My mouth was dry, but somehow I summoned the strength to respond. "Yes."
Celina was silent, but after a few moments, she spoke again. "Why?"
The question caught me off-guard. For the glory and protection of Asgard, I wanted to say, but something stopped me--I knew Celina wanted the real reason I was willing to become a Grim Angel, to suffer and possibly die in my service to this city.
"Because... there's someone I want to protect," I said at last. Celina said nothing, but somehow I felt that she was pleased. "Because I... I want to protect Ein, for as long as I can...! I love Asgard, and my friends and family here... but I really want to be a Grim Angel... to protect Ein, guard him for as long as I can, fight beside him if need be. He's been alone for so long, and if the two of us don't become Grim Angels together, he'll just be all alone again when it's his time."
"And does Ecthel mean that much to you?" Hector asked sardonically.
At my confusion, Celina smiled slightly. "Ein is Ecthel's child-name, which he will hopefully outgrow when he himself passes these trials. Is he important enough to you to risk everything?"
"...Yes." I'd never spoken a truer word in my life.
"Because, Ledah Rozwelli... it is impossible to protect anyone forever..."

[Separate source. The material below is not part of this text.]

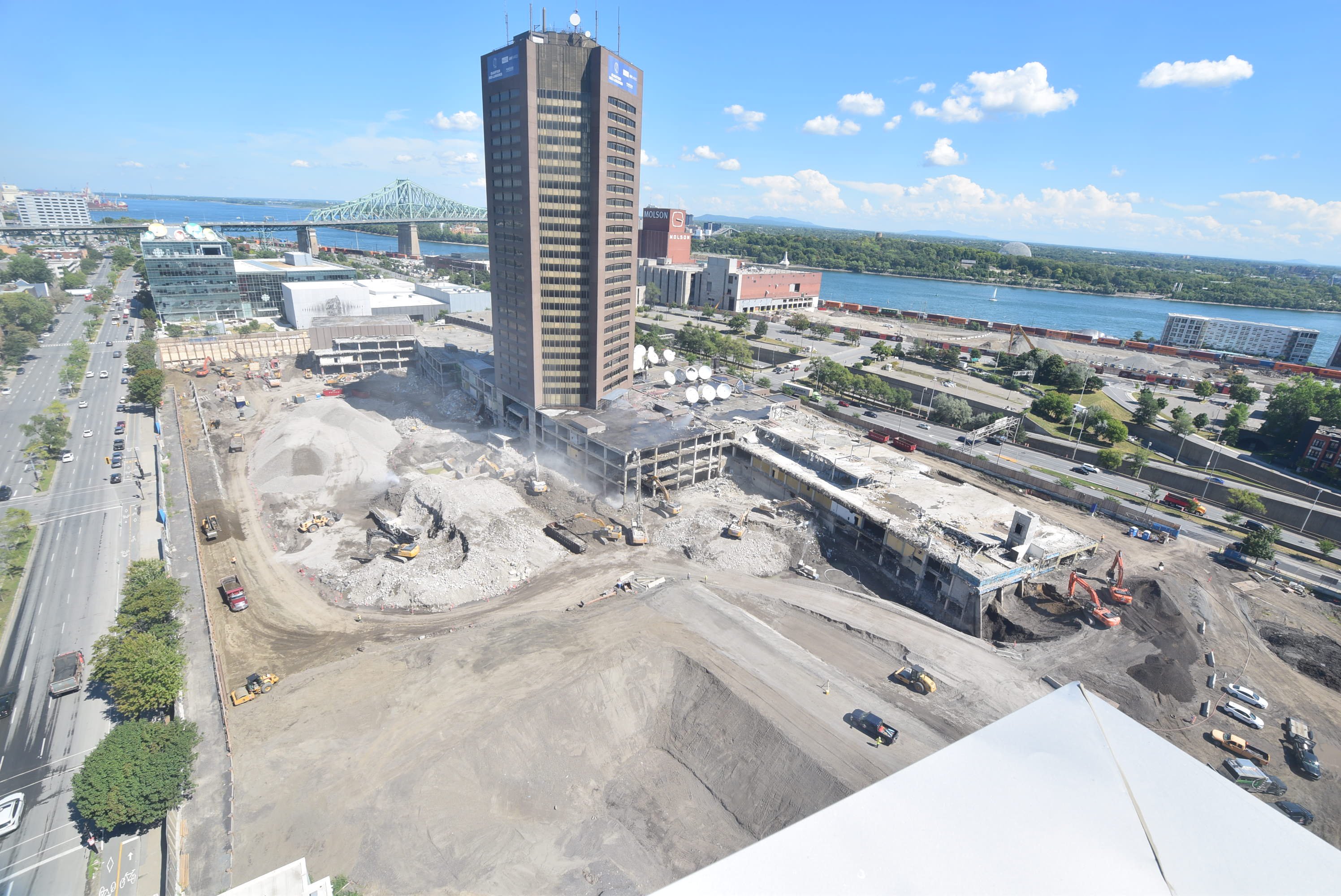 “La phase 2 qui consiste à démolir le long de l’avenue Viger débutera ensuite pour se terminer en novembre. C’est pendant cette deuxième phase que le revêtement de l’ancienne tour brune de Radio-Canada sera retiré, ne laissant debout que la structure de l’édifice.”

"I don't care. Even if I'm never any use at all, even if I'm just a burden when the time comes... I will be able to protect him for now. And that's all that truly matters."
Celina's small smile grew. "If you succeed these trials, Ledah... you will become a fine Grim Angel, indeed."
---
I succeeded then, but I have failed now. Failed the gods. Failed the Magi who still hold themselves true to the gods' will. Failed myself, by letting my guard down and allowing myself to be injured so badly. And failed Ein... by being unable to keep my promise to protect him...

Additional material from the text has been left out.